### ACTION ITEM
Could you give the listing again exactly, without its pictures?

### DATA EXTRACT
■ ■ ■ ■

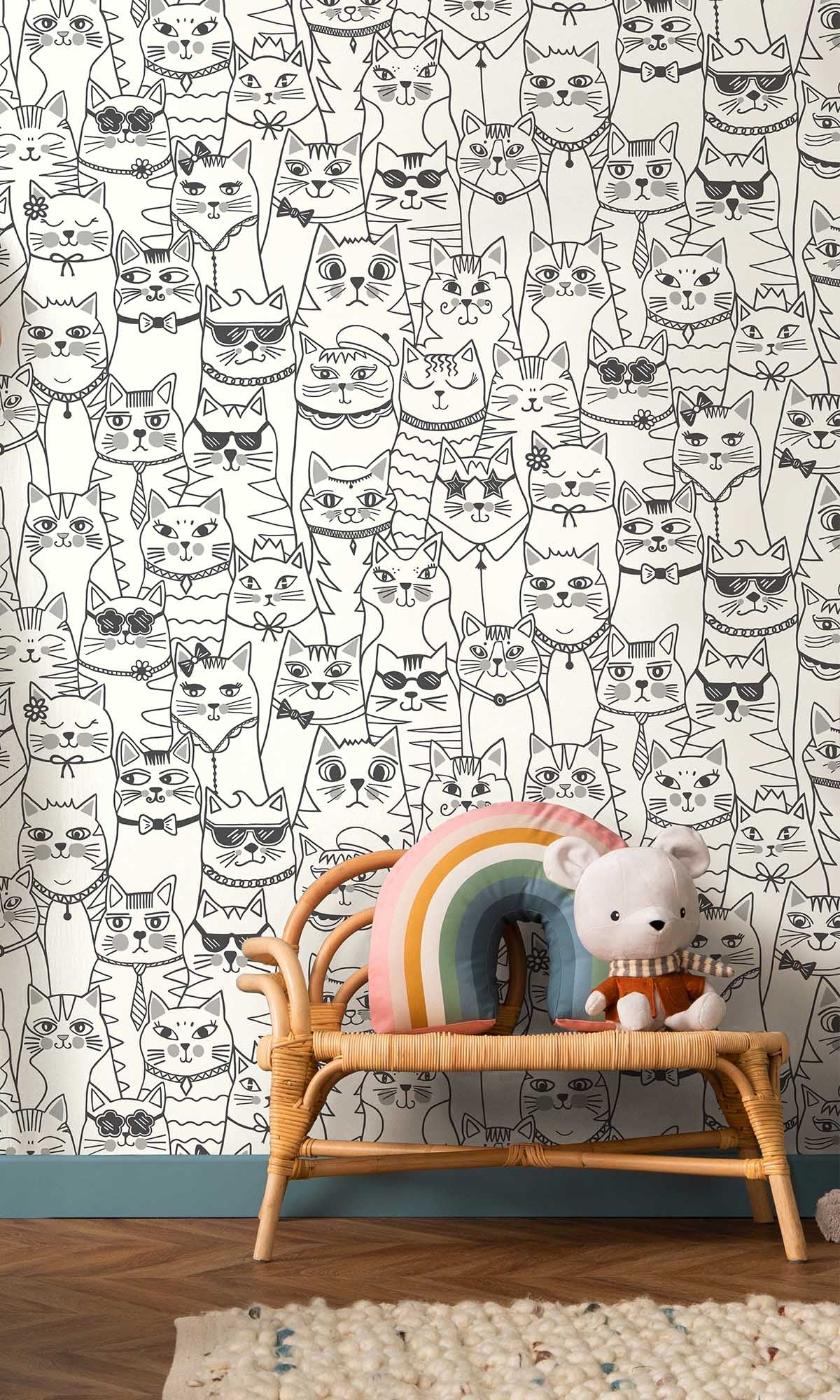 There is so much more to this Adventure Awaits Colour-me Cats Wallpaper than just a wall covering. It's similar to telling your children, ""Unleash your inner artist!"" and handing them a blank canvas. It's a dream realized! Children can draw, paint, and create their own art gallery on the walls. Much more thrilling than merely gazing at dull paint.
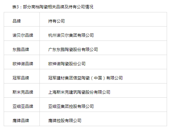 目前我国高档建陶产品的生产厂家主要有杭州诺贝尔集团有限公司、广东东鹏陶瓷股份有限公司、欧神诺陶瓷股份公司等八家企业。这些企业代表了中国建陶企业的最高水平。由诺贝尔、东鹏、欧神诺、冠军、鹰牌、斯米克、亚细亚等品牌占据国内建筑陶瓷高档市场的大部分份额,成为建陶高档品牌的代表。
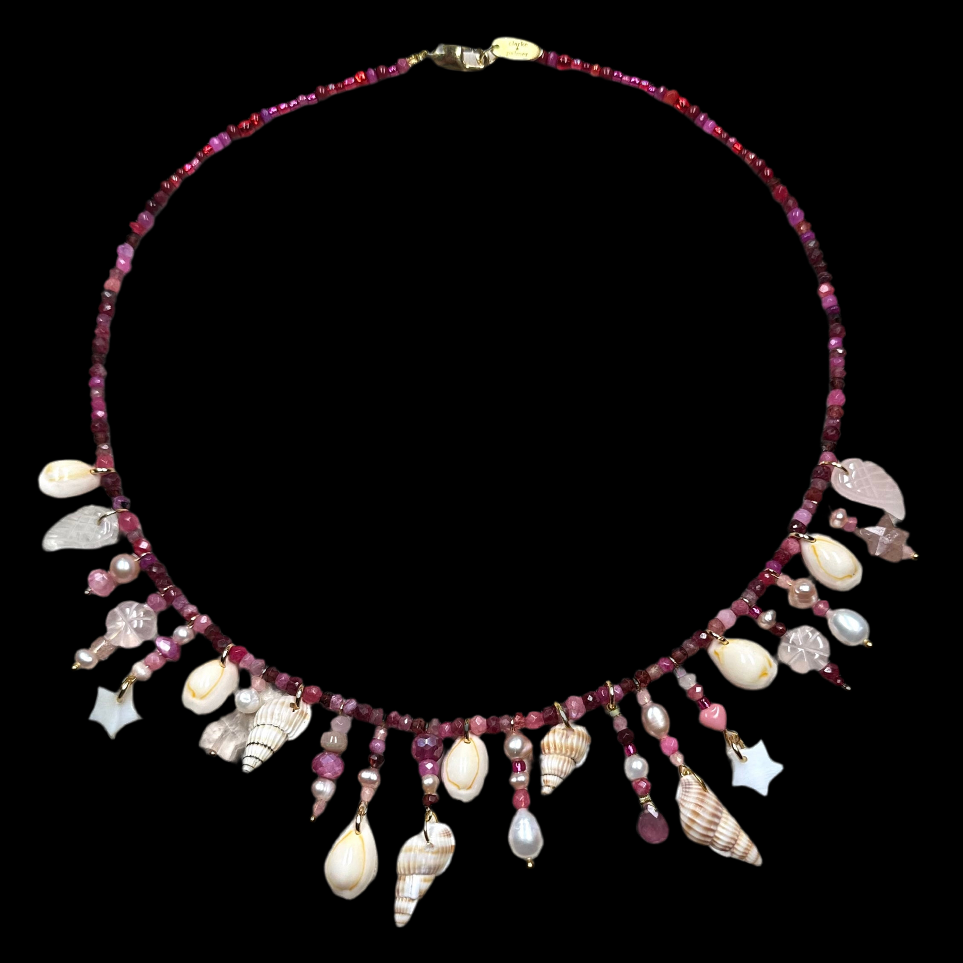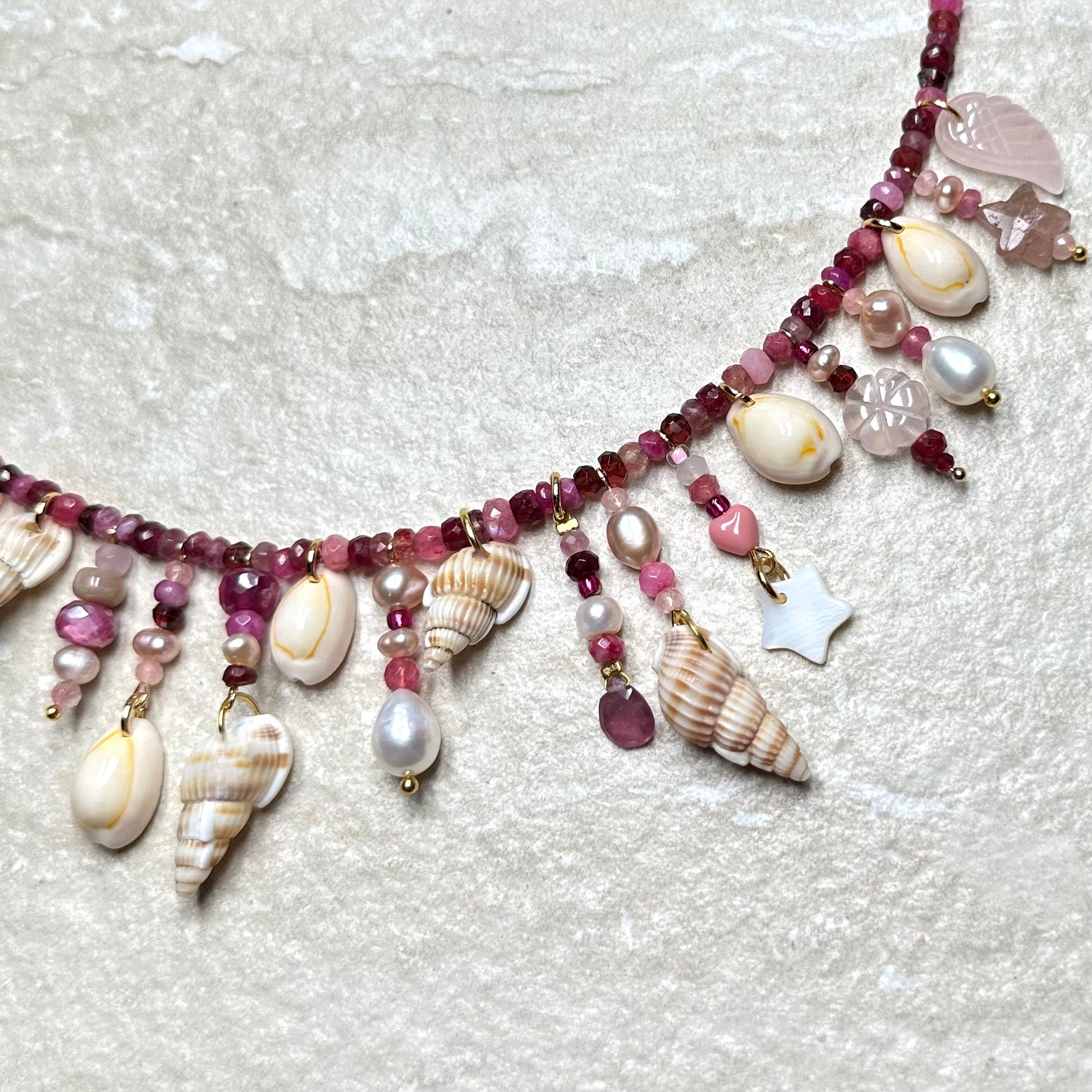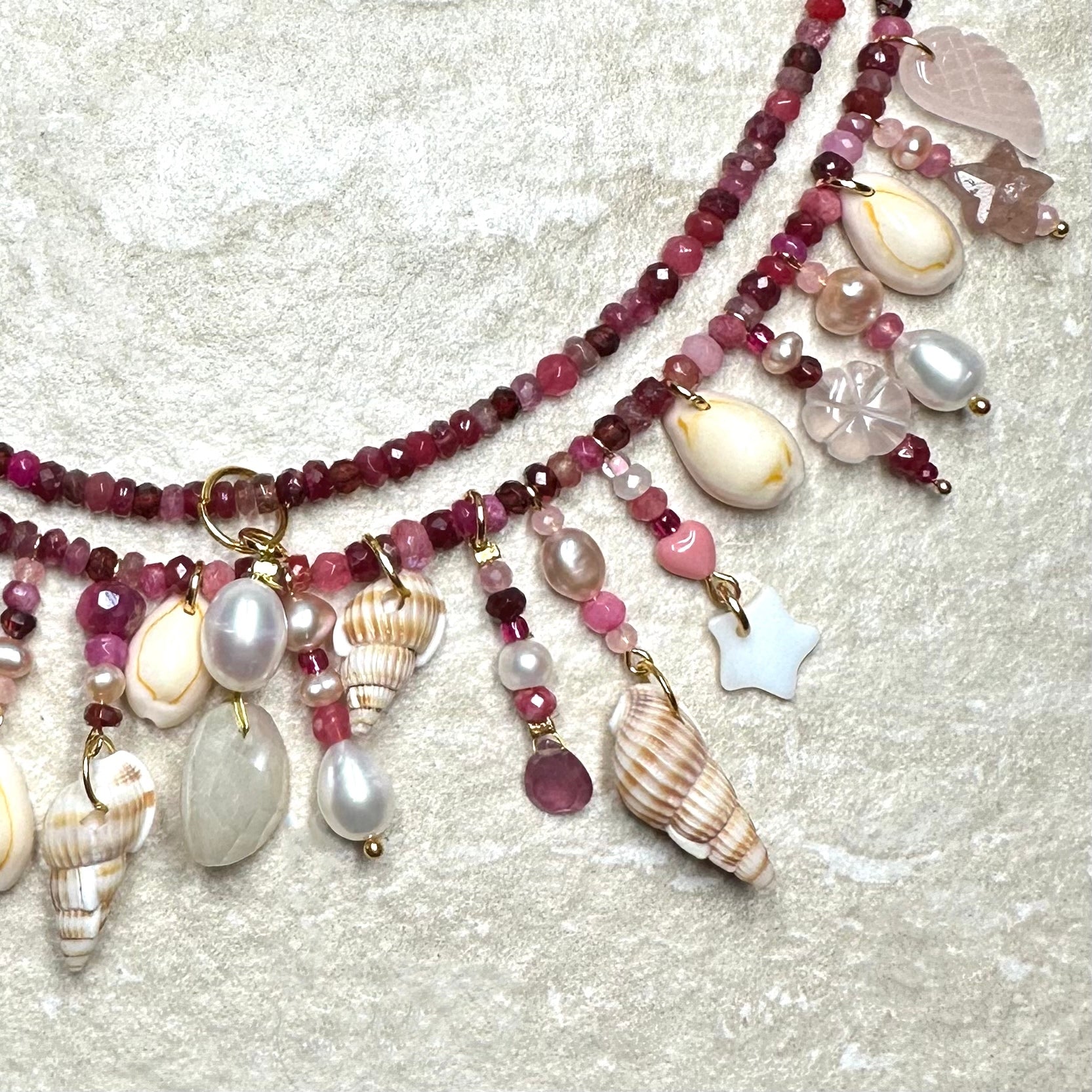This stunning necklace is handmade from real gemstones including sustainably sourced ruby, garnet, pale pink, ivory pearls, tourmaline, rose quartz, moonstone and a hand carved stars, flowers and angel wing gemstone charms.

■ ■ ■ ■

### WRITTEN RESPONSE
 There is so much more to this Adventure Awaits Colour-me Cats Wallpaper than just a wall covering. It's similar to telling your children, ""Unleash your inner artist!"" and handing them a blank canvas. It's a dream realized! Children can draw, paint, and create their own art gallery on the walls. Much more thrilling than merely gazing at dull paint.
 目前我国高档建陶产品的生产厂家主要有杭州诺贝尔集团有限公司、广东东鹏陶瓷股份有限公司、欧神诺陶瓷股份公司等八家企业。这些企业代表了中国建陶企业的最高水平。由诺贝尔、东鹏、欧神诺、冠军、鹰牌、斯米克、亚细亚等品牌占据国内建筑陶瓷高档市场的大部分份额,成为建陶高档品牌的代表。
This stunning necklace is handmade from real gemstones including sustainably sourced ruby, garnet, pale pink, ivory pearls, tourmaline, rose quartz, moonstone and a hand carved stars, flowers and angel wing gemstone charms.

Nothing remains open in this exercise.